As Director the undersigned is hereby granted 5,000 shares of Preferred Series A of the company at a price of $10.00 per share pursuant with the Certificate of Designation. The undersigned is entitled to $250.00 for attending each Directors meeting and as arranged for any tele-conference or video meeting, meeting-without-notice proceeding, or other official meeting or action of the Board (such as the consideration and passage of a Board Resolution) for which he signs a Waiver of Notice and Consent.

 

The undersigned pledges his best efforts and promises to conduct himself in a professional manner in carrying out the duties as a Director of the company.

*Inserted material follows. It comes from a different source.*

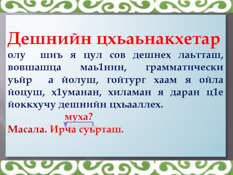 дозуш долчу даше цхьа а форма т1е ца оьцуьйту. /маь1ница /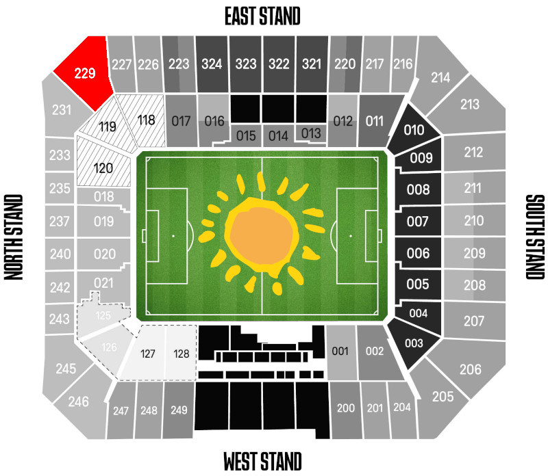 - Sitzplatz auf der Nordtribüne (Block 229)

The undersigned promises not to divulge to others and will not use confidential or proprietary information of BNOW for his/her or anyone else’s gain (during or after the time in which the undersigned is a company Director). Unless as otherwise approved in advance by the BNOW Board of Directors, the undersigned promises that he or she will not serve as a director, officer, employee, agent or consultant to any competing business enterprise of SIML’s during the time in which he or she is a Director of the company.

 

It is understood that the company does not have errors and omissions insurance for management as of the date of this Agreement, and that the Director is responsible to obtain said insurance.

 

The company will pay the reasonable expenses of the undersigned in carrying out his duties as a Director; however, any expenses in excess of $25.00 must be approved in advance by company. Except to the extent not allowed by Oklahoma law, the company hereby holds the undersigned harmless from liability to the company, its shareholders and any third parties for acts and omissions while a Director of the company and further agrees to indemnify and defend the undersigned in the event of any action taken by the company, its shareholders or third parties against the undersigned in his or her position as Director of the company.

 

Any disputes arising from this Agreement not resolved by the parties in a good faith, timely manner shall be arbitrated within Nevada County, California under the rules and procedures of the American Arbitration Association. Attorney fees and costs are to be awarded to the prevailing party.

 

IN WITNESS WHEREOF, the Parties hereto have executed this Agreement on the date first written above.

 

 (SIGNATURE)    (SIGNATURE)
Justin Gonzalez, Chairman   Eric Watson, Director
     
 (SIGNATURE)    
Johann Loewen, Director    

 

I agree to the terms and conditions outlined in the Director Agreement.